As informações mais recentes sobre a Alstom
foram trazidas à tona através de uma investigação realizada na Suíça, de onde
partiu a notícia de que a empresa pagou, pelo menos, US$ 6,8 milhões em propinas
para “vencer” uma licitação no governo paulista. Um dos nomes citados até o
momento é o do ex-ministro das Comunicações de Fernando Henrique, Sérgio Motta,
que era dono de uma empresa chamada de Hidrobrasileira, conhecida por
intermediar negócios desta natureza.
A partir desta denúncia, o Ministério Público
Estadual começou a investigar o caso e já solicitou informações do governo e do
Tribunal de Contas do Estado, que listou mais de 30 contratos assinados pelo
governo paulista, alguns sem licitação, desde o início da década de 90. Os
contratos foram firmados pelo Metrô, Companhia de Transmissão de Energia
Elétrica Paulista (Cteep), Companhia Energética de São Paulo (Cesp), Engenharia
e Planejamento de Transmissão de Energia (EPTE), Empresa Metropolitana de Águas
e Energia (Emae), Sabesp, Dersa e CPTM.
Entre os contratos que mais chamaram a atenção
do MPE estão três da CTEEP no valor total de R$ 5,6 milhões, firmados sem
licitação nos anos de 2002 e 2003. No Metrô, pelo menos cinco contratos foram
firmados com a Alstom. O que impressionou os procuradores que começaram a
investigar o caso é a grande quantidade de aditamentos que foram feitos. Dois
aditivos efetuados em contratos da Linha 2 - Verde, de 2005, somam R$ 160
milhões. O aditivo mais recente é de maio de 2007, de R$ 70 milhões, para compra
de 22 trens.
Mas, tais informações passaram longe da Folha.

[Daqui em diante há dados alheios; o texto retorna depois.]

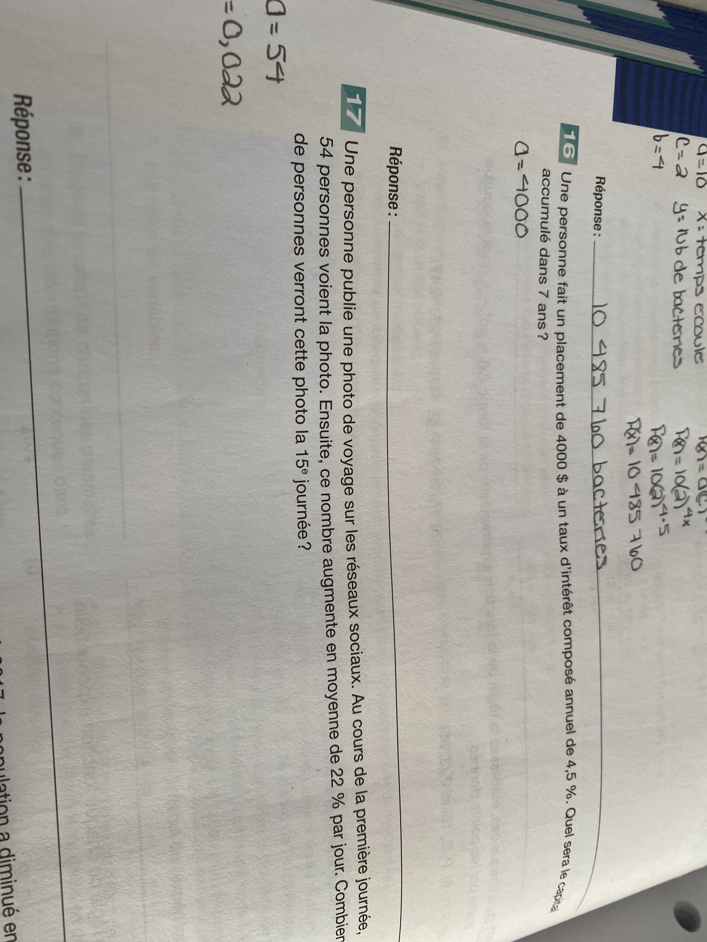 Secondaire 5 • 10mBonjour, je suis entrain de faire un devoir en math et je me demandais quel serait mon B dans les numéros 16-17?? Pour trouver la règle. C’est une fonction exponentielle. Merci!!☺️

Na última segunda-feira, por exemplo, o destaque foi dado para uma matéria
requentada de que o nome do senador Valdir Raupp (PMDB-RO), líder do partido no
Senado, e o de Adhemar Palocci, diretor da Eletronorte e irmão do deputado
federal Antonio Palocci (PT-SP), apareciam numa lista apreendida pela PF em 2006
na casa do ex-assessor de Raupp, José Roberto Paquier, juntamente com uma cifra
de R$ 2 milhões e o nome da Alstom.
A operação desencadeada na época pela PF,
conhecida como Castores, visava desbaratar uma quadrilha que tentava extorquir
estatais federais de energia elétrica. Em meio às apurações, a PF chegou a
Paquier, que na época foi preso e demitido pelo senador. Segundo a PF, ele
tentava intermediar o pagamento de uma dívida de R$ 300 milhões que a
Eletronorte tinha com a Alstom.
Embora esta operação tenha sido amplamente
noticiada na época, a “Folha” resolveu relembrar o caso, para colocar apenas no
meio da matéria, que a Alstom está sendo investigada porque os promotores da
França e da Suíça “citam que um dos casos suspeitos envolve o Metrô paulistano -
a empresa teria pago US$ 6,8 milhões a políticos para ganhar uma licitação de
US$ 45 milhões”.
Para Valdir Raupp , o envolvimento de seu nome
em uma denúncia de propina paga pela Alstom, empresa com a qual jamais teve
qualquer contato e da qual nunca recebeu qualquer doação de campanha, “está com
cara de missa encomendada”. “Não há inquérito, não há processo e, que eu saiba,
também não houve investigação”, declarou o senador. Raupp diz que há mais de
dois anos, quando o único diretor da Eletronorte indicado por ele foi demitido,
não tem nenhum indicado seu lá. “Só conheci o presidente da Eletronorte à época
(Carlos Nascimento) depois que ele tomou posse”.